Exact copies of the lines from the one with "Men's Vintage Floral" through the last line of the entries, and no pictures, make up the answer.

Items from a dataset
_ _ _ _

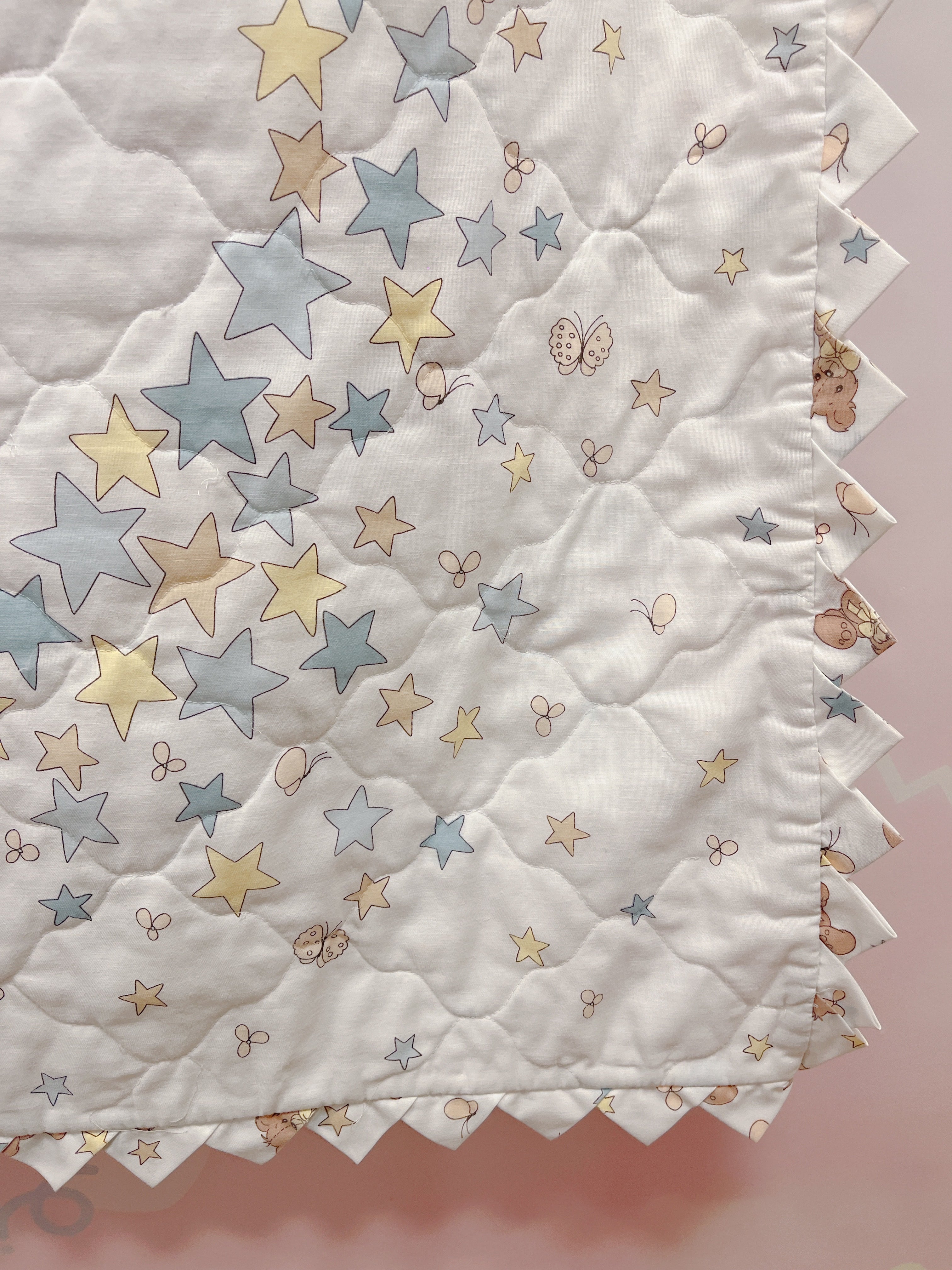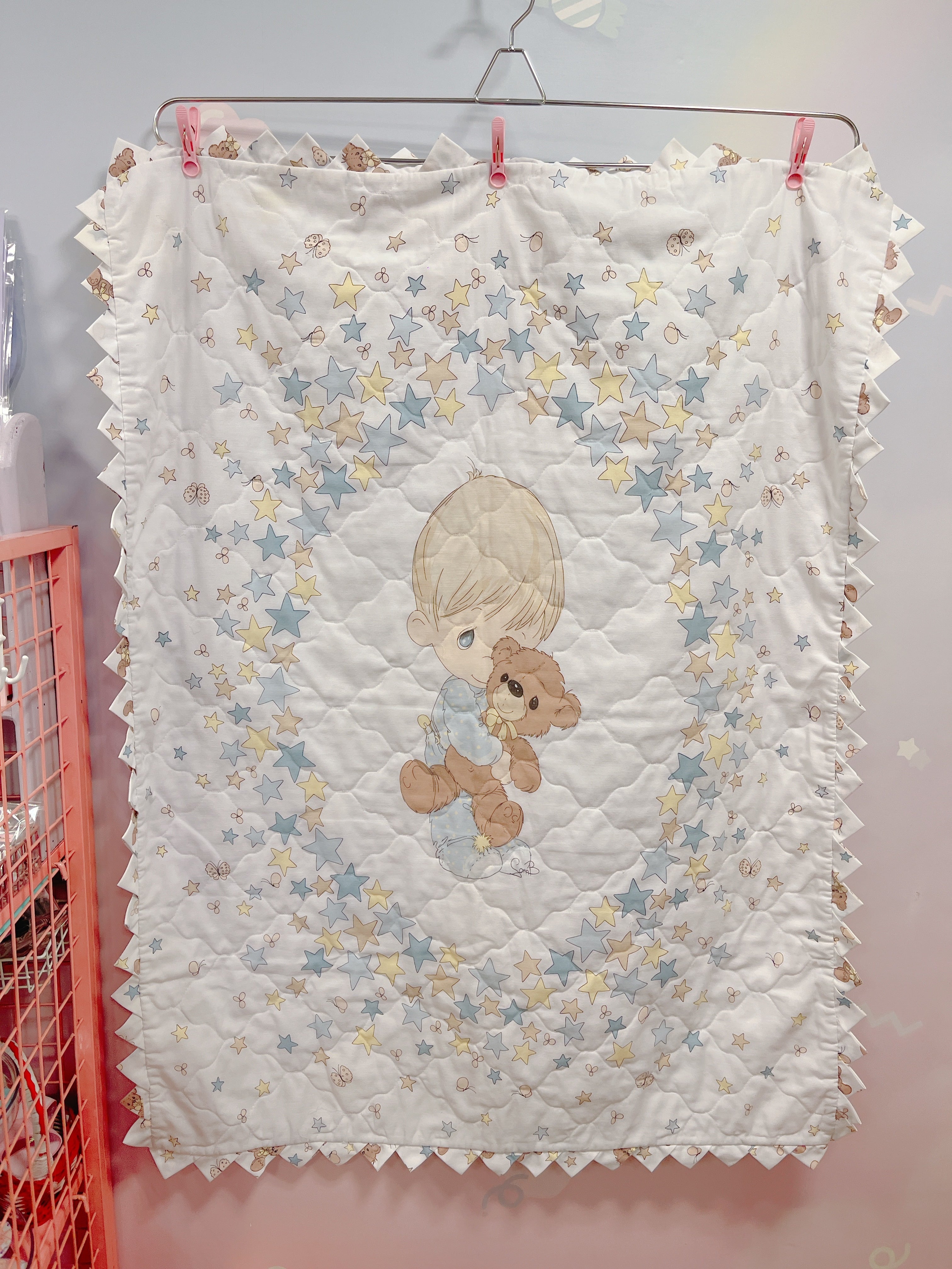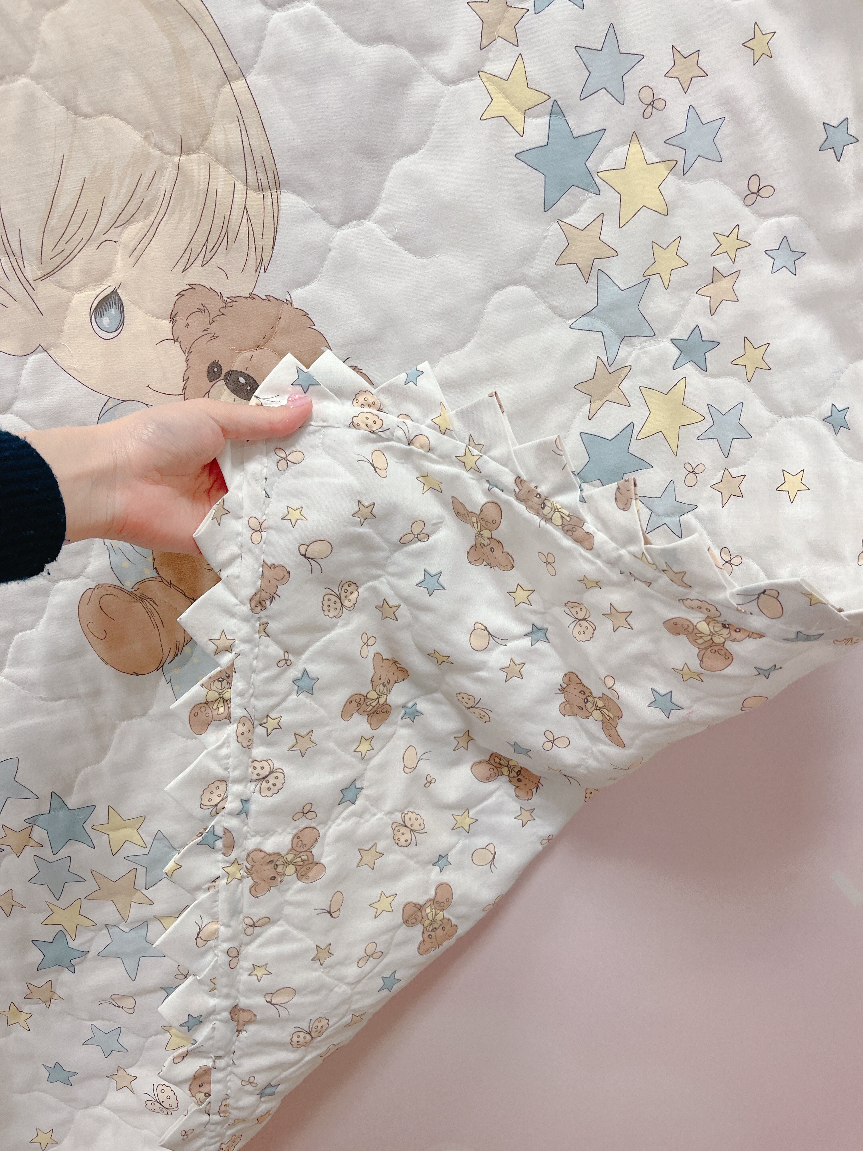 Vtg キルトラグ/マット 男の子・くま・星 ギザギザ縁
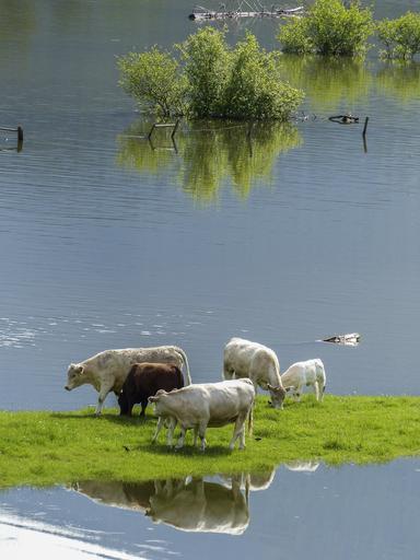 Keywords: cows calf feeding mammals large nature cattle farm country flooding water animals food chain scenery ranch animal outdoor farming ranch reflection mirroring disaster
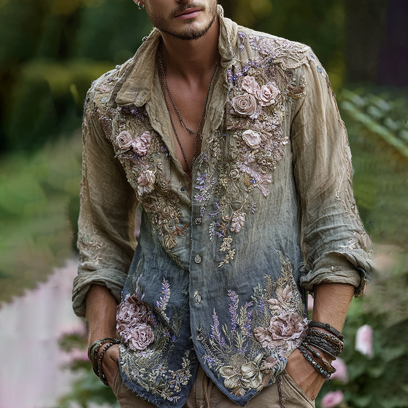 Men's Vintage Floral Embroidered Comfy Linen Shirt
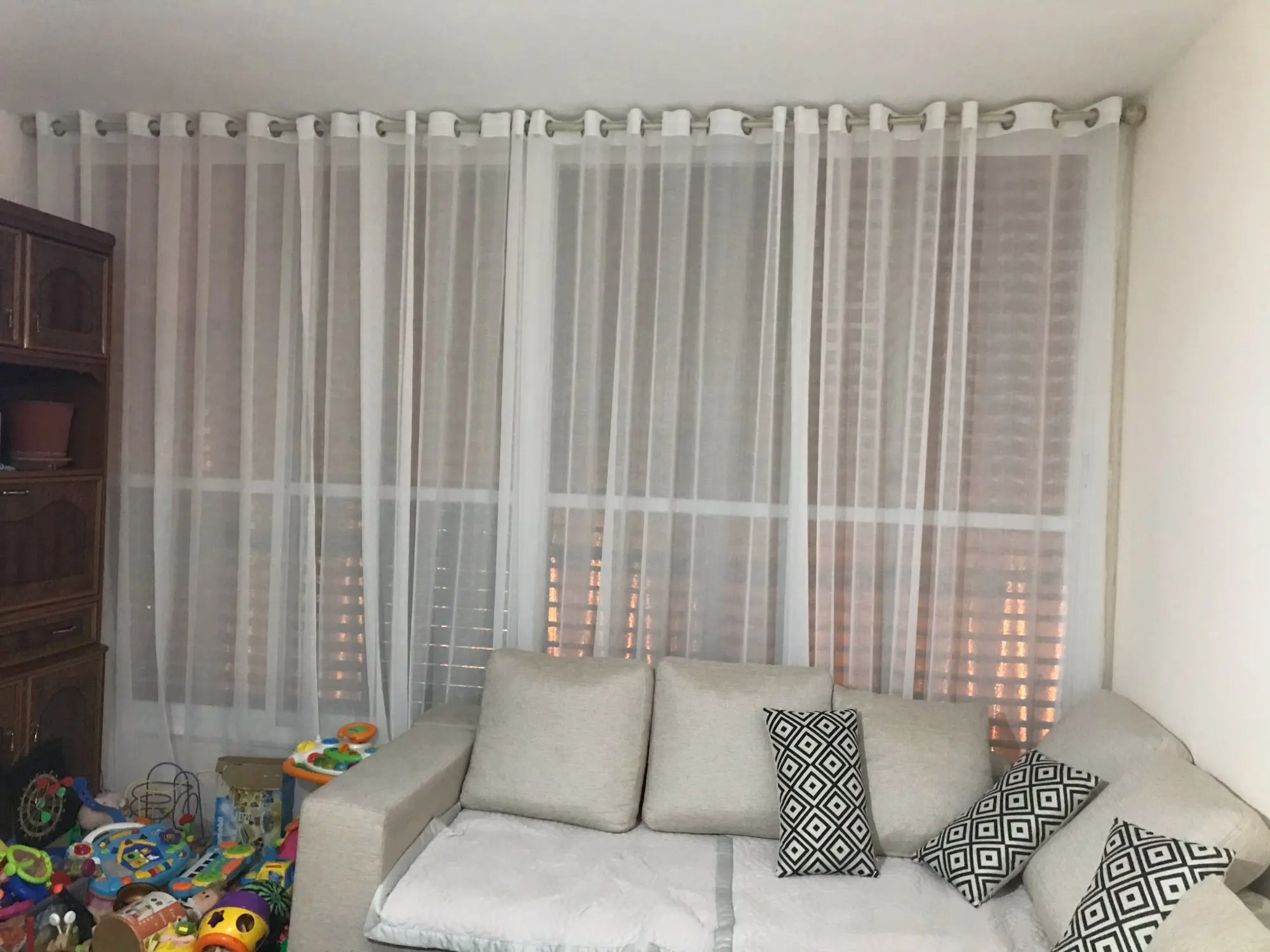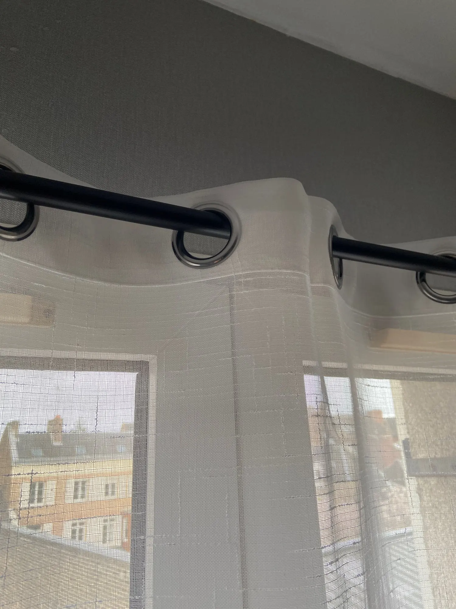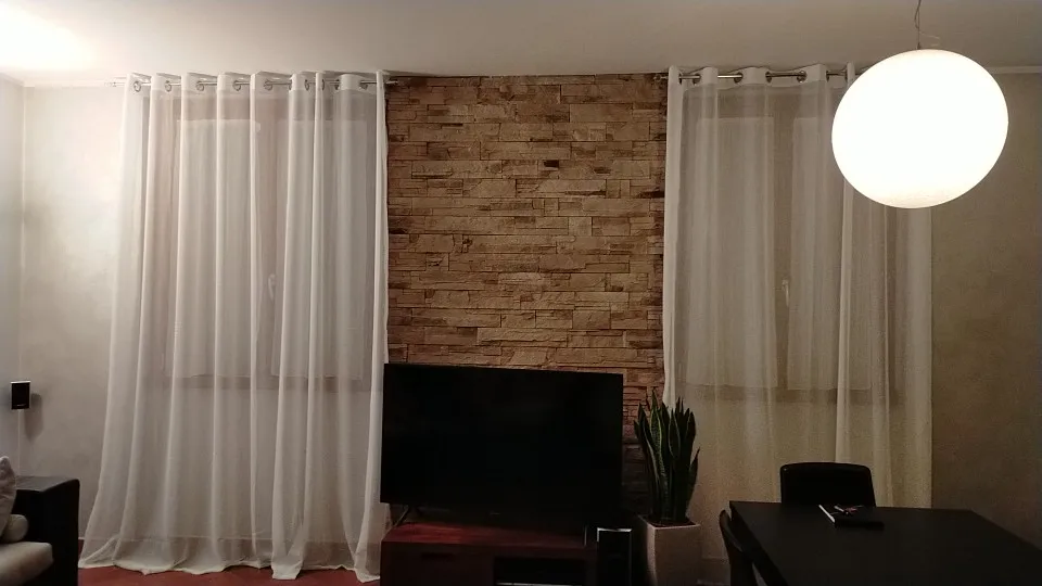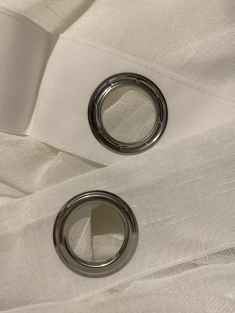 Все как описано, очень красиво, элегантно. Пропускает свет, ткань мягкая. Я сделал два, один идеален, другой имеет дефекты там, где они создали люверсы, но им удалось их сшить. Тем не менее, consilliatissima.
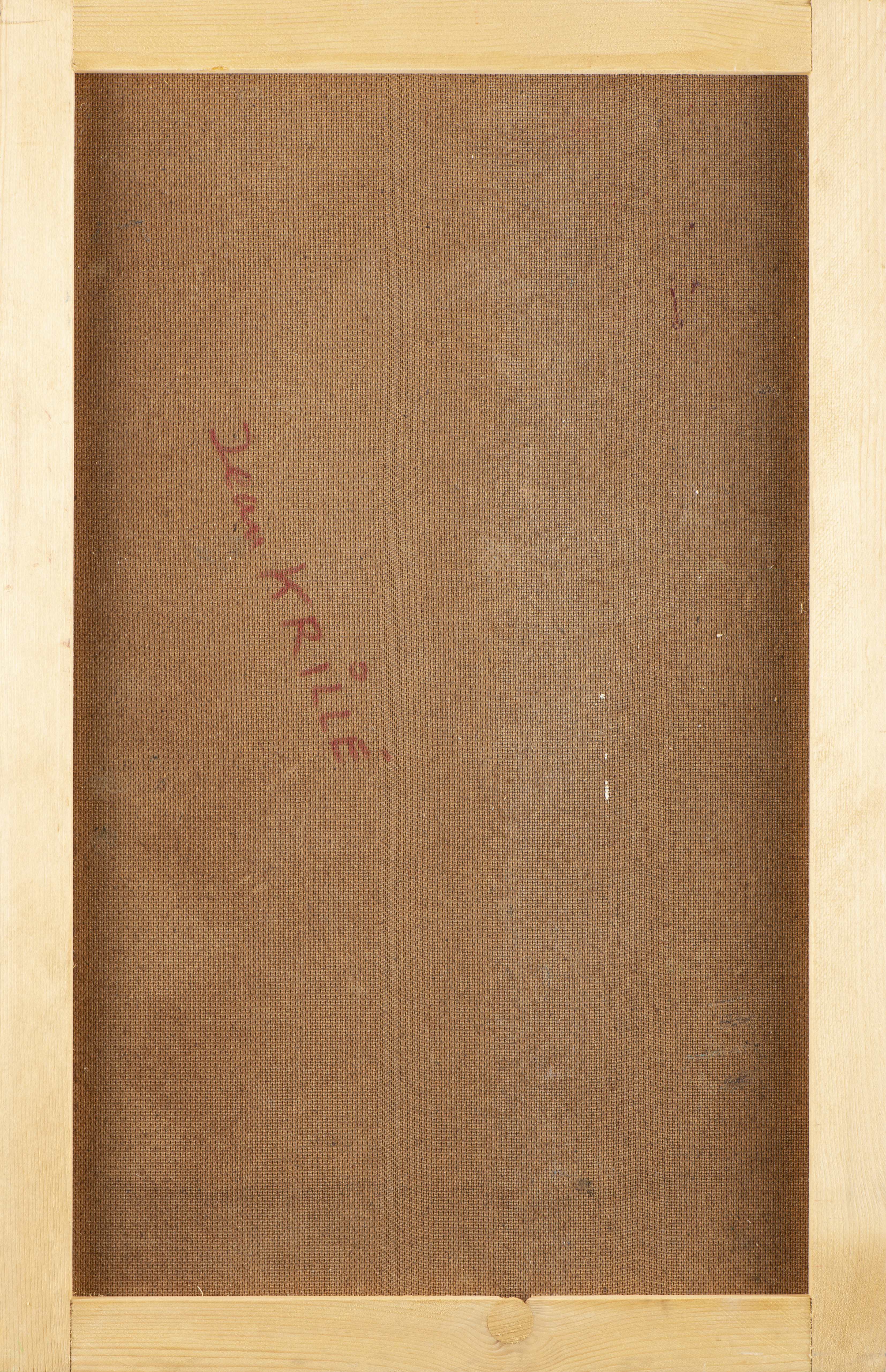 Jean KRILLÉ (1923-1991), "Composition aux fleurs rouges", huile sur isorel, signé en bas à gauche, contre-signé au dos.

_ _ _ _

--- Your response ---
 Men's Vintage Floral Embroidered Comfy Linen Shirt
 Все как описано, очень красиво, элегантно. Пропускает свет, ткань мягкая. Я сделал два, один идеален, другой имеет дефекты там, где они создали люверсы, но им удалось их сшить. Тем не менее, consilliatissima.
 Jean KRILLÉ (1923-1991), "Composition aux fleurs rouges", huile sur isorel, signé en bas à gauche, contre-signé au dos.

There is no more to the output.